> **Task instructions**
Without any pictures, print exactly the lines that run from the start of the data through the line containing "现场视频显示,厂区平房不断冒出熊熊火焰,黑烟滚滚直冲天际,数条街外也清晰可见。".

> **Data to use**
########################################

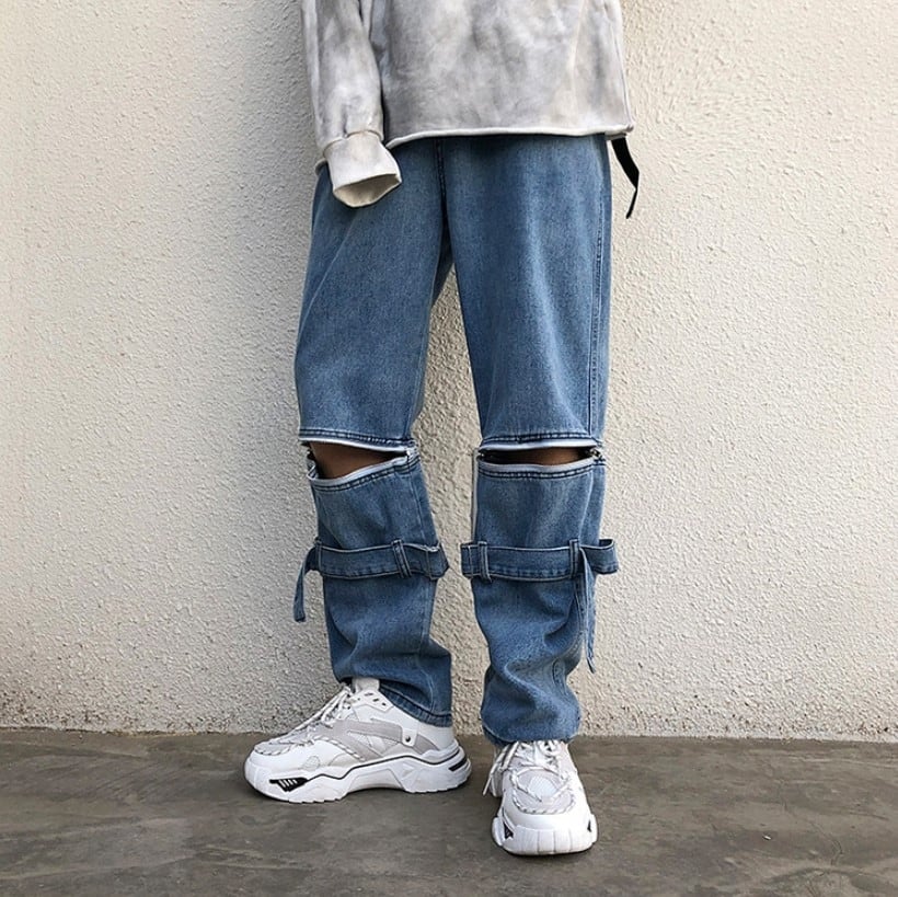 【在庫限り】デニム ベルト ジッパー ボトムス Gパン 韓国ファッション ズボン ジップパンツ 紐 ジーパン レッグベルト クラシック ヴィンテージ アンティーク バースデー ギフト ファッション k-pop 韓流 韓国 ビッグシルエット ユニセックス
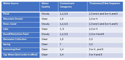 In cases where water source is heavily laden with multiple contaminants, it may be necessary to filter the water twice, changing filter types between treatments based on the table above.
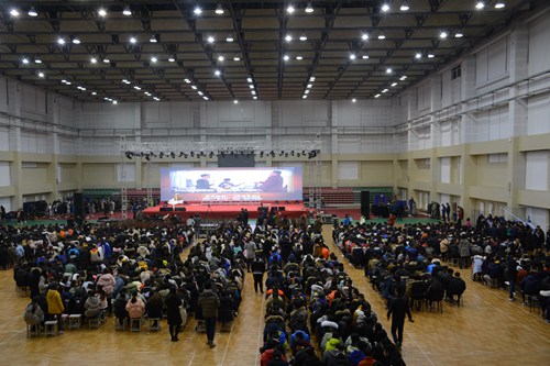 数九寒天人心暖,一家欢聚情意浓。辞旧的钟声即将敲响,迎新的礼花正在绽放。12月29日晚,学院在体育馆举行“2017年迎新文艺晚会”。院长覃川、党委副书记刘甲珉、副院长薛玉平、纪委书记刘伟、副院长邢广陆出席晚会,合作单位嘉宾、学院中层干部、外籍教师、留学生代表以及118名教职工代表、2150名新生代表参加晚会。
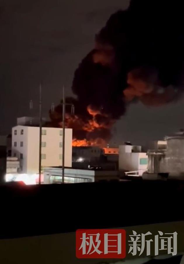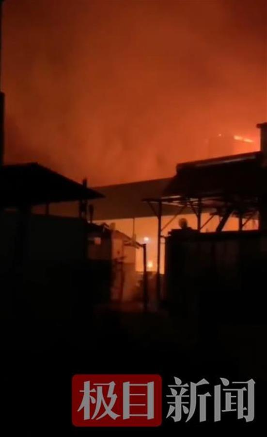 现场视频显示,厂区平房不断冒出熊熊火焰,黑烟滚滚直冲天际,数条街外也清晰可见。
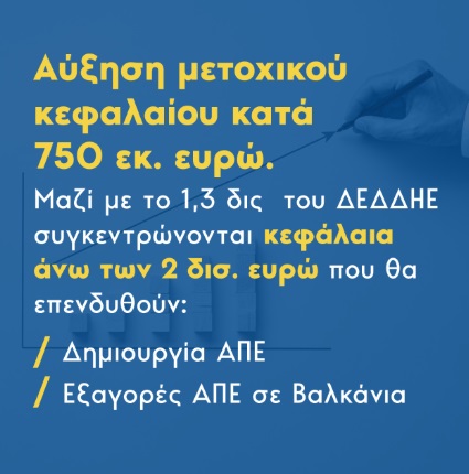 Η αύξηση του μετοχικού κεφαλαίου της ΔΕΗ είναι ένα ακόμα βήμα για την ανάπτυξη της εταιρείας και τη μετεξέλιξή της σε μια ισχυρή περιφερειακή δύναμη στο χώρο της ενέργειας. Μετά την οικονομική της εξυγίανση, τον λειτουργικό της εκσυγχρονισμό και την αναβάθμιση των υπηρεσιών της προς τους πελάτες της, συγκεντρώνει κεφάλαια ύψους άνω των 2,3 δισ. ευρώ (συμπεριλαμβανομένου και του εσόδου από την πώληση του 49% του ΔΕΔΔΗΕ) που θα της επιτρέψουν να προχωρήσει άμεσα σε δύο αναπτυξιακές κινήσεις. Αφενός σε επενδύσεις σε Ανανεώσιμες Πηγές Ενέργειας εντός Ελλάδας και αφετέρου σε εξαγορές παραγωγικών μονάδων «πράσινης» ενέργειας στα Βαλκάνια.
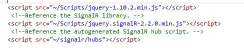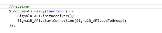 Just to have the SignalR code in one place instead of scattering it over multiple views, I added one JavaScript file, SignalR.API.js, with 3 methods.InitReceiver: contains the receiver's code. Called in the doc.ready event handler of the receiver.InitSender: contains the event handler for the submit vote button.StartConnection(callback): starts a connection and accepts a callback function that is called in the "done" success handler of the start method. Here is how the sender and receiver code looks like now.![]()
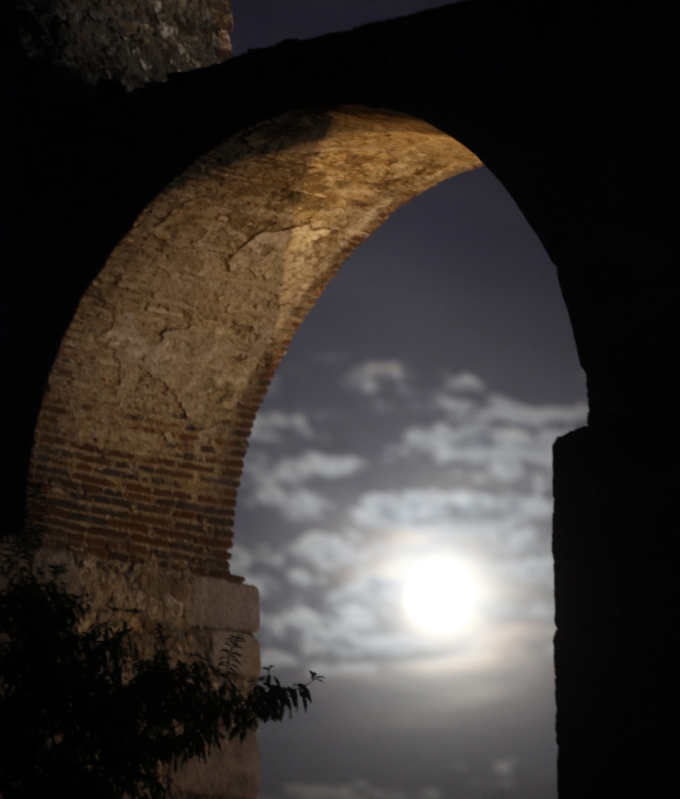 | Một góc quan sát siêu trăng khác cũng tại thủ đô Skopje ở Macedonia. Vào ngày này, mặt trăng sẽ to hơn và sáng hơn khoảng 10% theo quan sát so với những ngày trăng tròn khác. Ảnh: EPA |
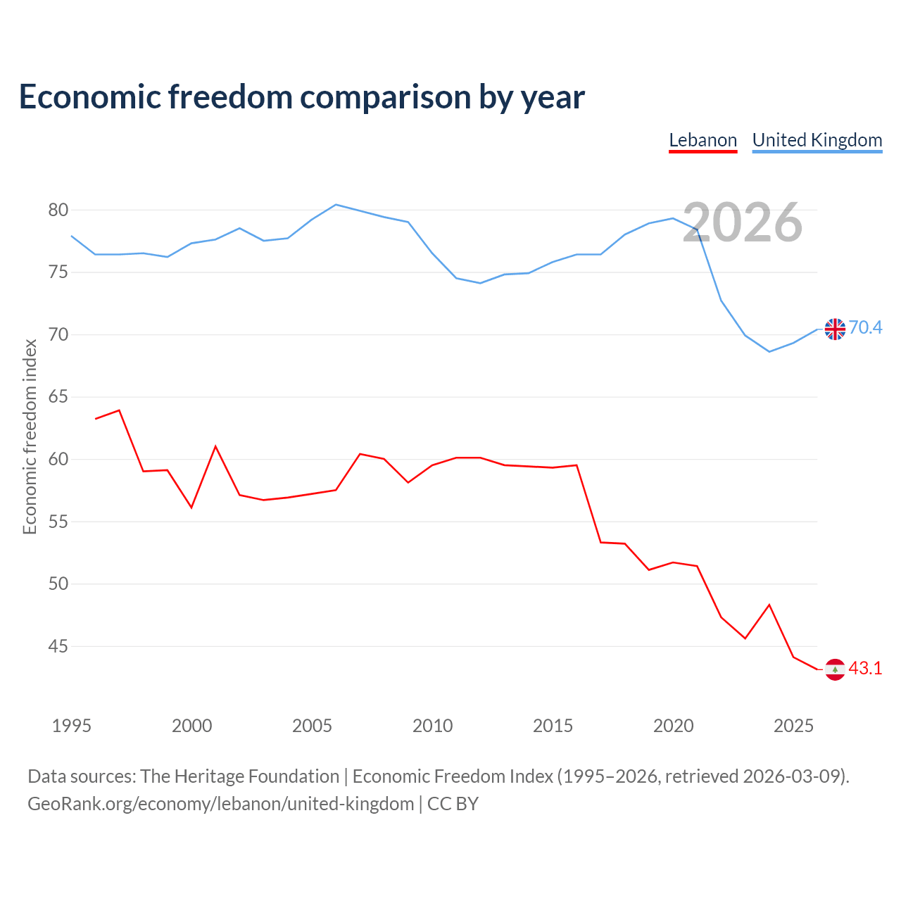 The Economic Freedom Index for Lebanon is 43.1, ranking 183/197, compared to 70.4 for the United Kingdom, ranking 35/197. The chart above displays a comparison of annual changes in economic freedom indexes.
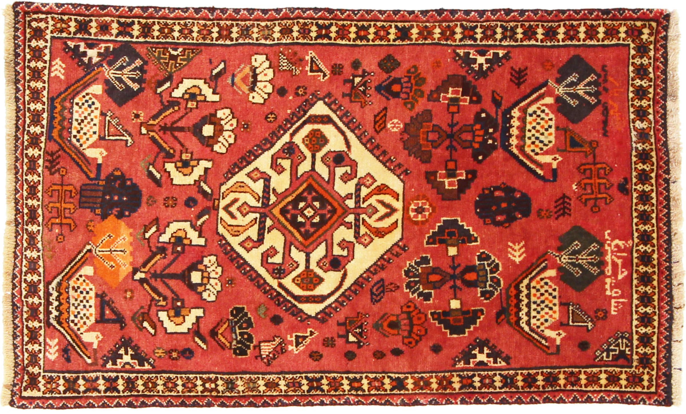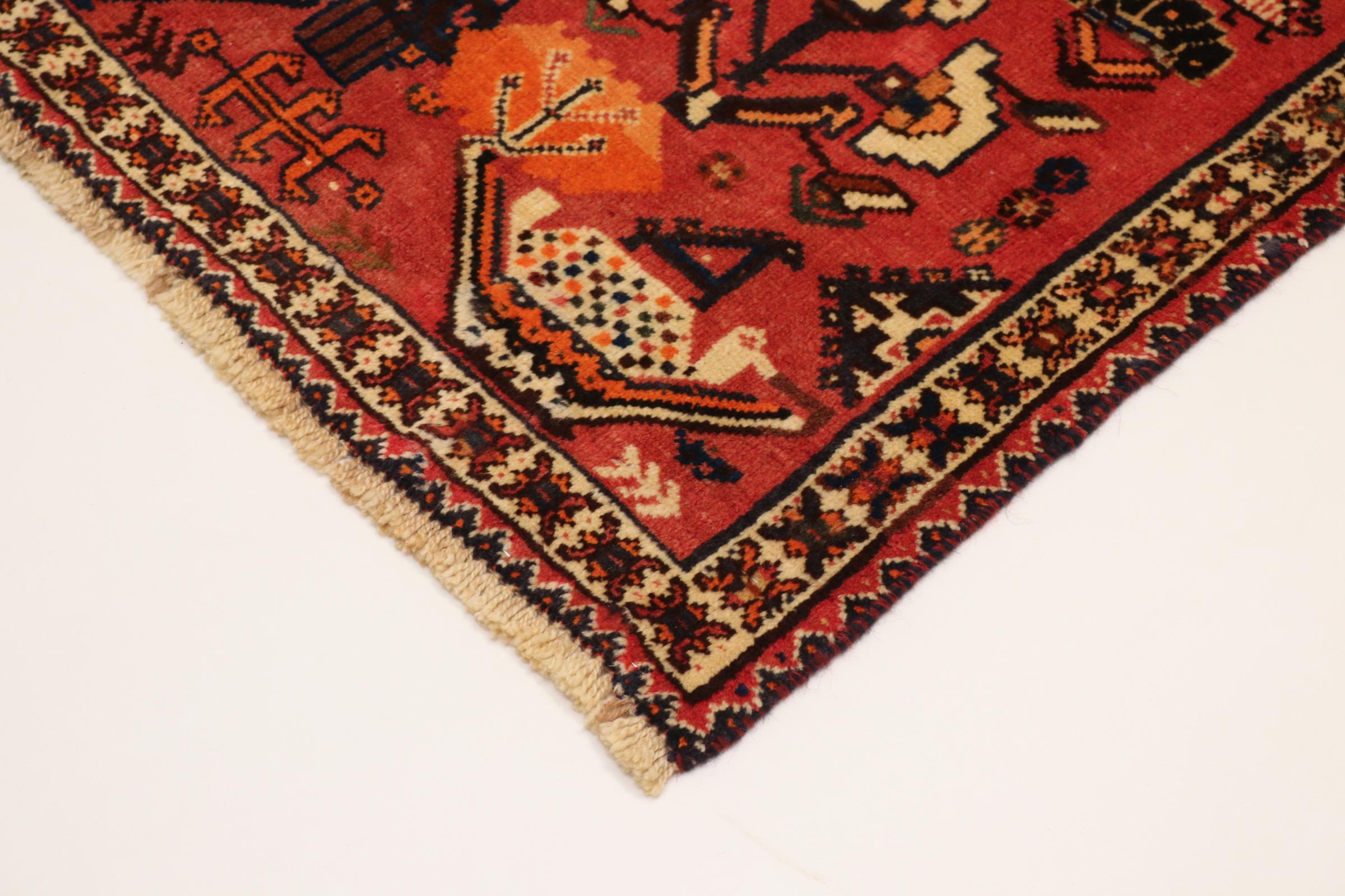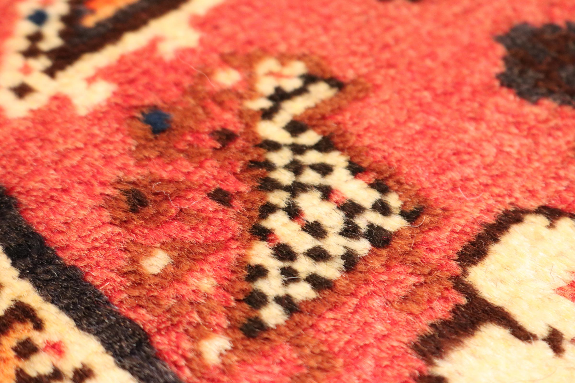 Este tapete pertence a tapetes de aldeia e nómadas do Irão, antiga Pérsia. Este tipo de tapete é atado à mão em cidades mais pequenas e aldeias da velha tradição. Mesmo os nómadas ainda atam tapetes persas ao ar livre. Os tapetes são atados sem padrão e completamente a partir da cabeça. Caracterizam-se por ornamentos clássicos, dispostos em padrões rectos e geométricos. Graças à sua origem cultural-tradicional, estes tapetes têm um carácter único que encarna a antiga Pérsia.

########################################

> **Response below**
 【在庫限り】デニム ベルト ジッパー ボトムス Gパン 韓国ファッション ズボン ジップパンツ 紐 ジーパン レッグベルト クラシック ヴィンテージ アンティーク バースデー ギフト ファッション k-pop 韓流 韓国 ビッグシルエット ユニセックス
 In cases where water source is heavily laden with multiple contaminants, it may be necessary to filter the water twice, changing filter types between treatments based on the table above.
 数九寒天人心暖,一家欢聚情意浓。辞旧的钟声即将敲响,迎新的礼花正在绽放。12月29日晚,学院在体育馆举行“2017年迎新文艺晚会”。院长覃川、党委副书记刘甲珉、副院长薛玉平、纪委书记刘伟、副院长邢广陆出席晚会,合作单位嘉宾、学院中层干部、外籍教师、留学生代表以及118名教职工代表、2150名新生代表参加晚会。
 现场视频显示,厂区平房不断冒出熊熊火焰,黑烟滚滚直冲天际,数条街外也清晰可见。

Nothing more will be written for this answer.